Gericht zwingt Shell zu mehr Klimaschutz

Umweltschüt­ze­r:in­nen waren mit ihrer Klage gegen den Ölriesen erfolgreich. Erstmals hat damit ein Gericht einem Konzern ein Klimaziel verordnet

So viel Spaß kann Klagen machen: Donald Pols, Chef der klagenden NGO, hält das Gerichtsurteil in den Händen Foto: Piroschka van de Wouw/reuters

Von Susanne Schwarz

Es ist eine juristische Sensation: Das Bezirksgericht Den Haag hat den niederländischen Ölkonzern Royal Dutch Shell am Mittwochnachmittag zu mehr Klimaschutz verpflichtet. Er muss seine Treibhausgasemissionen bis 2030 im Vergleich zu 2019 um mindestens 45 Prozent senken. Die Pflicht zum Klimaschutz gelte für die eigenen Unternehmen, aber auch für Zulieferer und Endabnehmer. Es ist das erste Mal, dass Rich­te­r:in­nen ein Unternehmen auf diese Art zur Verantwortung ziehen.

Geklagt hatte die Umweltorganisation Milieudefensie gemeinsam mit weiteren Gruppen – und mehr als 17.000 Einzelunterstützer:innen. Schon die Klage war außergewöhnlich, da sie eben direkt darauf abzielte, Shell zu einer anderen Investitionsplanung zu verpflichten. Bei anderen Klimaklagen gegen Unternehmen geht es oft darum, sie zu Entschädigungszahlungen zu zwingen, weil ihr Geschäftsmodell die Klimakrise befeuert und damit zu Schäden und Verlusten wie etwa von Geld oder Lebensraum führt.

Die Um­welt­schüt­ze­r:in­nen argumentierten, dass Shell gegen das Verursacherprinzip verstoße, das im Artikel 6:162 im niederländischen Zivilgesetzbuch festgeschrieben ist. Außerdem sehen die Klä­ge­r:in­nen Artikel 2 und 8 der Europäischen Menschenrechtskonvention verletzt, das sind die Rechte auf Leben und auf Achtung des Privat- und Familienlebens.

„Dieses Urteil wird die Welt verändern“, sagte Roger Cox, der Anwalt von Milieudefensie. „Menschen auf der ganzen Welt stehen an den Startlöchern, um Ölfirmen in ihrem eigenen Land nach unserem Beispiel zu verklagen.“ Außerdem würden Ölfirmen von nun an weniger bereit sein, neue fossile Investitionen zu tätigen.

Auch bei Milieudefensie selbst wird natürlich gejubelt. „Das ist wirklich eine großartige Neuigkeit und ein massiver Sieg für die Erde, unsere Kinder und für uns alle“, sagte Milieudefensie-Chef Donald Pols.

„Ein massiver Sieg für die Erde, unsere Kinder und für uns alle“

Donald Pols, Umweltschützer

Nur wenige Konzerne weltweit haben einen noch größeren CO2-Fußabdruck als Shell. Die US-amerikanische Denkfabrik Climate Accountability Institute hatte im Jahr 2019 die Treibhausgasemissionen von Unternehmen seit 1965 analysiert und ein globales Ranking erstellt. Shell landete dabei auf Platz 7. Zwar hatte sich Shell bereits vorgenommen, bis 2050 klimaneutral zu werden, bis zum Ende dieses Jahrzehnts hat der Konzern aber nur eine Emissionsreduktion von 20 Prozent gegenüber 2016 geplant. Ein Großteil der nötigen Umstellung sollte also später in sehr kurzer Zeit erfolgen. Das Gericht in Den Haag befand die bisherigen Pläne für „nicht sehr konkret“.

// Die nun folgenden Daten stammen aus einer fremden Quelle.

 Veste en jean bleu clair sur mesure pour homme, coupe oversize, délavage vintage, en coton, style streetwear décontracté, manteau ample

Erst vergangene Woche musste sich Shell schon einmal von Kli­ma­schüt­ze­r:in­nen die Meinung sagen lassen: Auf der Hauptversammlung des Ölriesen brachten „grüne Aktionär:innen“ der Gruppe Follow this eine Resolution ein, die eine verbindliche Orientierung am Pariser Weltklimaabkommen verlangte.

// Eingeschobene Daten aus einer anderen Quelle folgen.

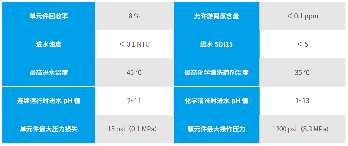 能耗低 改進優(yōu)化芳香族聚酰胺脫鹽層、開發(fā)更大比表面積,滿足在相同產(chǎn)水量要求時,降低運行壓力,從而節(jié)約能源。
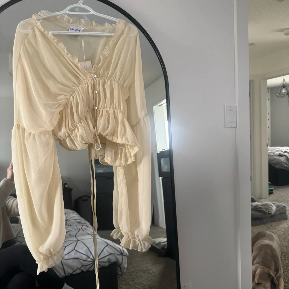 This chic cream blouse features stylish ruffles and a comfortable fit, ideal for any occasion.
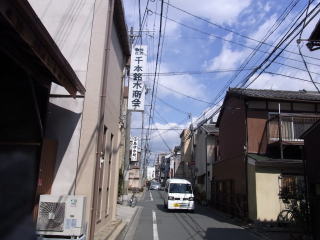 | 千本三条で、市電敷設のため明治の終わりに三条〜四条を結ぶ斜めの道、後院通が作られて 三条以南の千本通は昔のままの狭い道幅です。本来は市電を真直ぐ通す予定だったのが、 付近の住民の反対で、後院通が新たに作られたそうです。 地図 |
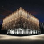 Both volumes are gently illuminated at night to provide site lighting for the surrounding pedestrian zones and to continue the dialogue between the forms and their contrasting materials. The glowing crystalline lower volume is illuminated from the inside, while the glittering metallic volume above is illuminated with a halo of projecting lights at its upper edge.

Die Niederlande waren schon einmal Schauplatz und Protagonistin einer spektakulären Klimaklage. 2015 gab ein Gericht der Stiftung Urgenda recht. Die Niederlande müssten ihre Treibhausgasemissionen bis 2020 um mindestens 25 Prozent gegenüber dem Niveau von 1990 verringern – nicht nur wie bis dato geplant um 17 Prozent. Die niederländische Regierung ging in Revision. Im vergangenen Dezember bestätigte das oberste Gericht des Landes aber das ursprüngliche Urteil.